EXERCISE DESCRIPTION —
From the first line of the material through the line that holds "ごはん、チキン南蛮、ほうれん草の磯あえ、牛乳 です!", repeat each line exactly and skip any picture.

RECORDED DATA —
--------

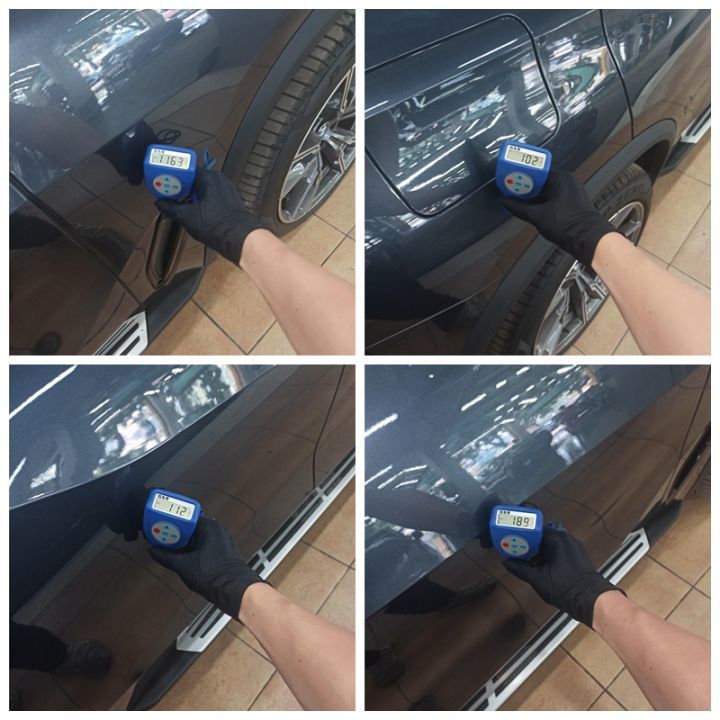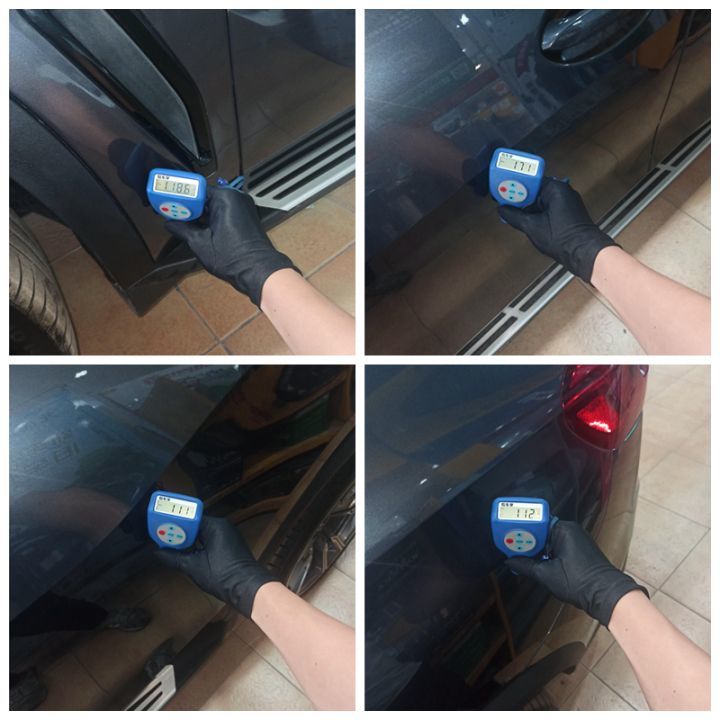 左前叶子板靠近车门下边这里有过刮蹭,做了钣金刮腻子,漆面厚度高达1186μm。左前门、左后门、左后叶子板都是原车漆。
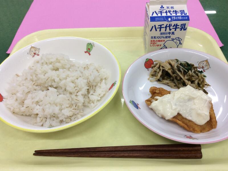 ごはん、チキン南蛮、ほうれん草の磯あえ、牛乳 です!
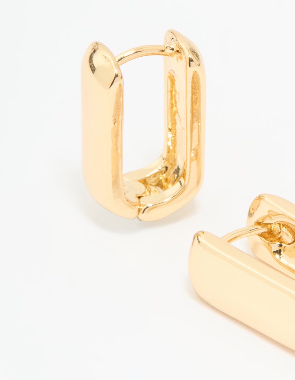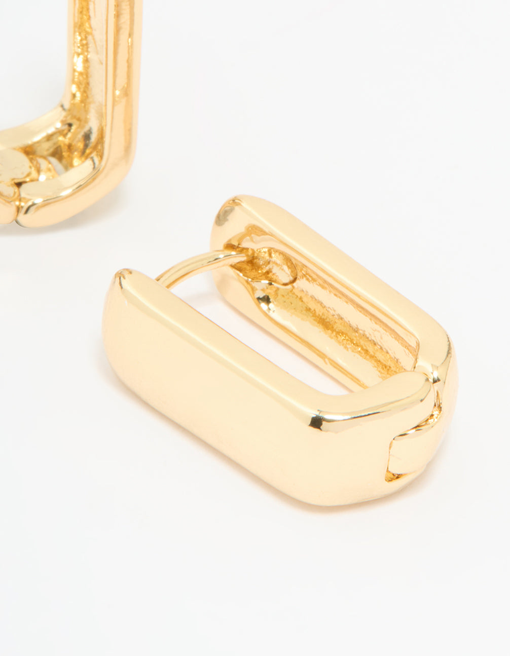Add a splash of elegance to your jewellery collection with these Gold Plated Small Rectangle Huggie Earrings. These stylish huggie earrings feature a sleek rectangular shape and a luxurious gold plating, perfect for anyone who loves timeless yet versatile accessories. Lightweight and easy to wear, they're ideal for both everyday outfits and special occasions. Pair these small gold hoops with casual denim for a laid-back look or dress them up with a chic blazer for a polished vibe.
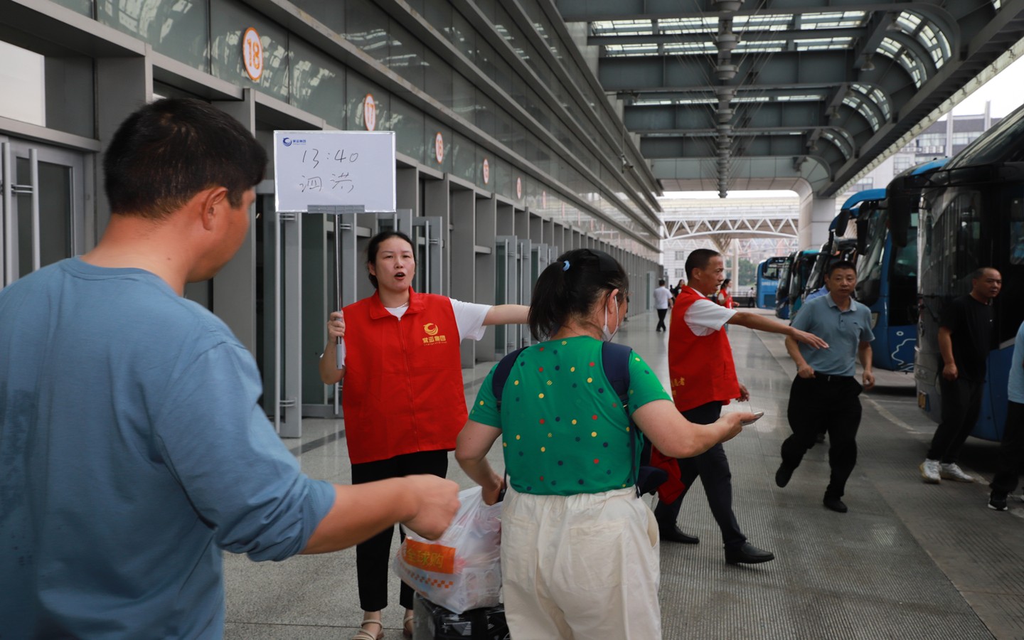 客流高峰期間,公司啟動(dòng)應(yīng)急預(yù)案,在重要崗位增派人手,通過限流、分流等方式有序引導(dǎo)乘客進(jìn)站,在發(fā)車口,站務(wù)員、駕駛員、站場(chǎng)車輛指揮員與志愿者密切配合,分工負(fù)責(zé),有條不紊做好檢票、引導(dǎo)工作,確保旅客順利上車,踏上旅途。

--------

PROBLEM SOLUTION —
 左前叶子板靠近车门下边这里有过刮蹭,做了钣金刮腻子,漆面厚度高达1186μm。左前门、左后门、左后叶子板都是原车漆。
 ごはん、チキン南蛮、ほうれん草の磯あえ、牛乳 です!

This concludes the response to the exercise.